Set down the first line below and each line after it, ending with the one that holds "Флешка Mirex SMART". Pictures do not belong in the copy.

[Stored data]
▬▬▬
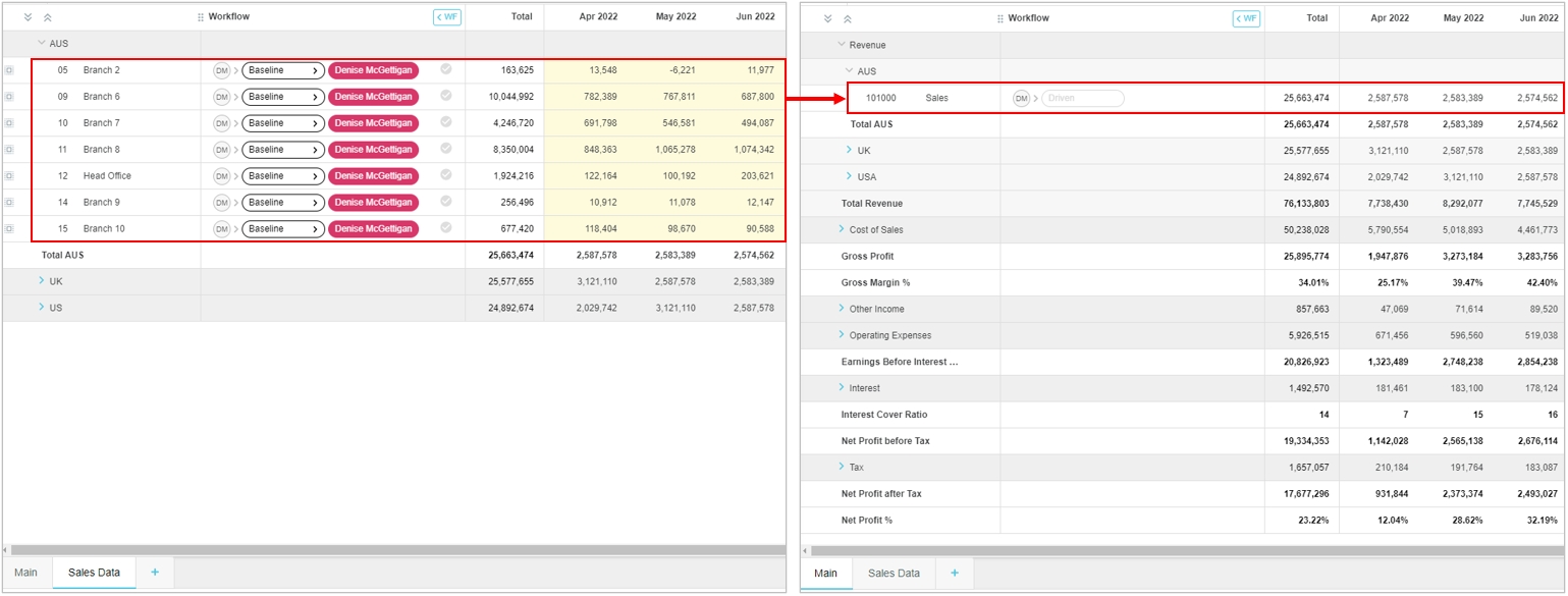 As mentioned above, some tabs drive budget values. Drivers, also referred to as assumptions, are used in most budgets. They are key business factors that influence financial performance, such as operational costs. These factors often change during budgeting, so managing them in additional tabs can be useful. Drivers act like powerful working lines. You do all the data entry budgeting in the driver tab, and the data flows into the Main tab, sometimes automatically, as illustrated in the image below. When you change the data in the driver tab, the data in the Main tab updates accordingly. Using driver tabs saves you a lot of time when it comes to updating budget data.
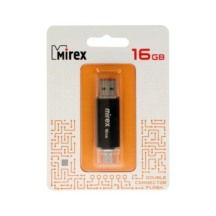 Флешка Mirex SMART BLACK. 16 Гб. USB2.0. USB/microUSB. чт до 25 Мб/с. зап до 15 Мб/с. черная 1803032
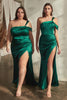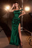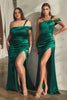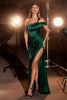 Indulge in the epitome of elegance with this captivating satin gown by Cinderella Divine. Its one-shoulder design with an off-the-shoulder drape exudes a touch of allure, while the pleated waistline cinches your figure for a flattering silhouette. The soft satin fabric cascades over your body with grace, creating a mesmerizing effect that will turn heads. The leg slit adds a hint of boldness, making this gown perfect for any special occasion where you want to make an unforgettable statement. Whether you're attending a prom, a wedding, or a red carpet event, this striking piece will elevate your style and leave a lasting impression.
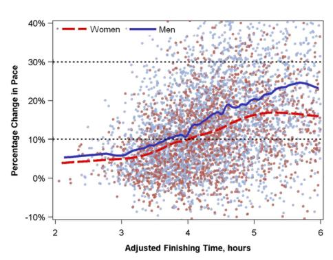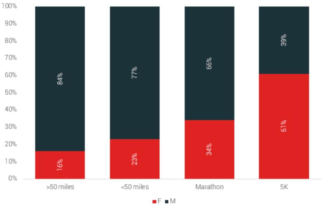 最近的一项研究针对超马拉松比赛分析显示:性别导致的运动表现差异会随着距离的增加而减弱[3]。
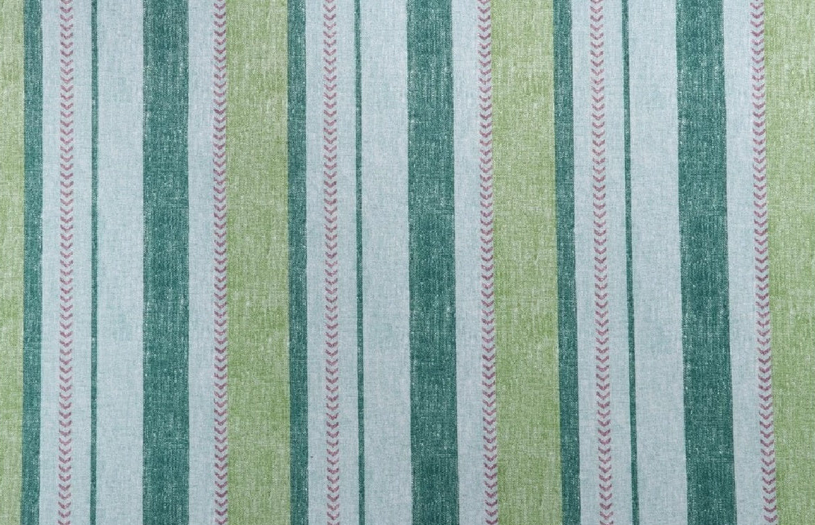 DESCRIPTION: Richloom Solarium Weekender Outdoor Fabric in Palm features a broad, textured green stripe alternating with a narrower, lighter green stripe. The thin off-white stripes have a decorative element running down the center chevron pattern. The fabric is fade resistant and UV tested and can withstand 500 hours of direct sunlight. It is also stain and water repellant and has a resistance to dirt and mildew.
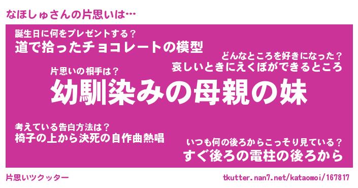 | ポケモン風あだ名 | 『ナホチュウ』『ナホシダネ』 |
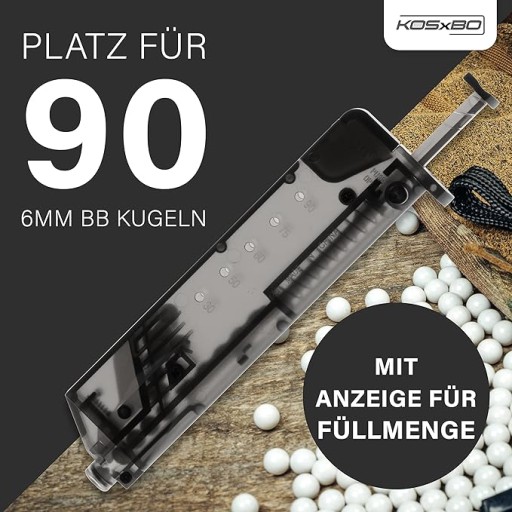 - Боєприпаси – цей автомат заряджання з м’яким повітрям вміщує 90 патронів, які можна заряджати з магазину без особливих зусиль.
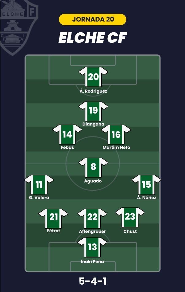 - Elche CF: Iñaki Peña; Álvaro Núñez, Víctor Chust, Affengruber, Pétrot, Germán Valera; Aguado, Febas, Martim Neto, Diangana; y Álvaro Rodríguez
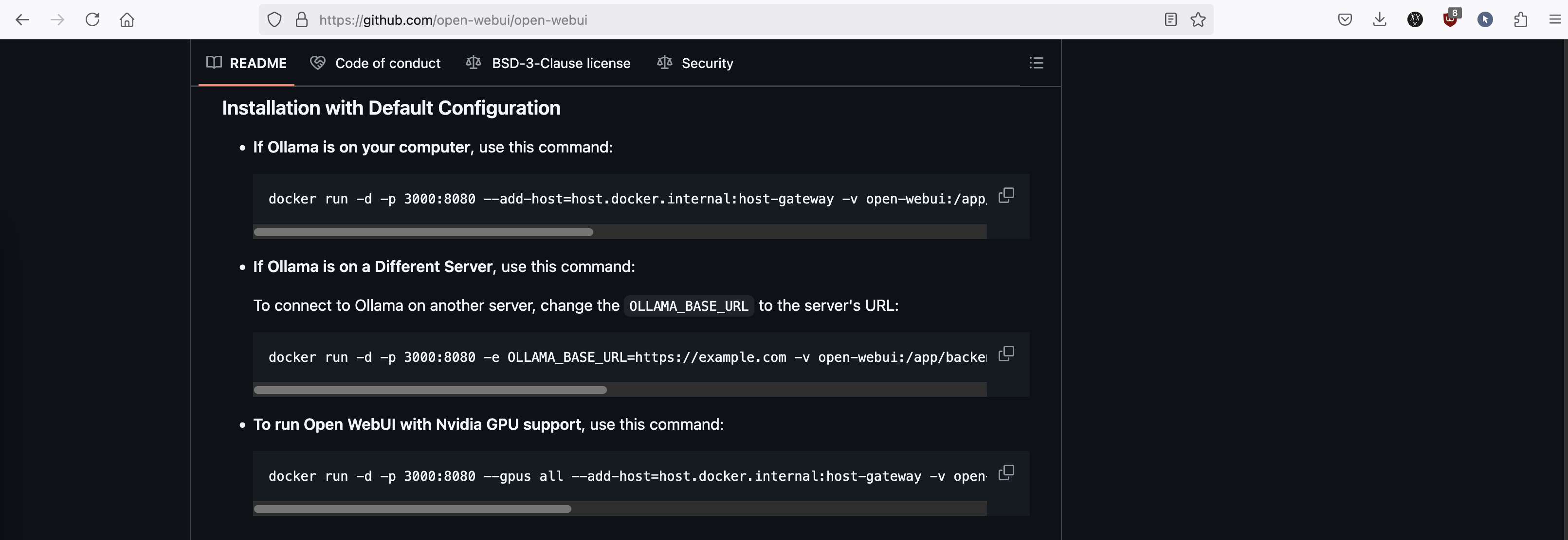 Then open the Open WebUI github page and copy the docker command to pull it onto the local machine
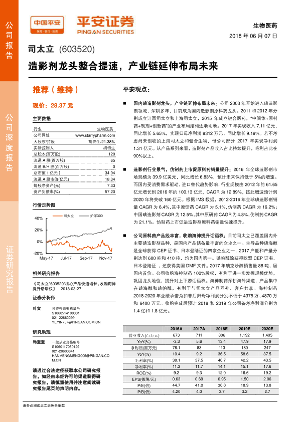 司太立自2003年进入碘造影剂领域以来,已发展成为国内造影剂原料药龙头。公司通过成立江西司太立、上海司太立和键合医药,逐步构建了“中间体+原料药+制剂+创新药”的产业布局。2017年,公司实现收入7.11亿元,同比增长5.65%;归母净利润8312万元,同比增长9.19%。若不考虑尚未创收的上海司太立和健合生物,母公司部分2017年实现净利润1.31亿元,复合年增长率(CAGR)高达27.35%。
▬▬▬
▶ _TASK OUTPUT_:
 As mentioned above, some tabs drive budget values. Drivers, also referred to as assumptions, are used in most budgets. They are key business factors that influence financial performance, such as operational costs. These factors often change during budgeting, so managing them in additional tabs can be useful. Drivers act like powerful working lines. You do all the data entry budgeting in the driver tab, and the data flows into the Main tab, sometimes automatically, as illustrated in the image below. When you change the data in the driver tab, the data in the Main tab updates accordingly. Using driver tabs saves you a lot of time when it comes to updating budget data.
 Флешка Mirex SMART BLACK. 16 Гб. USB2.0. USB/microUSB. чт до 25 Мб/с. зап до 15 Мб/с. черная 1803032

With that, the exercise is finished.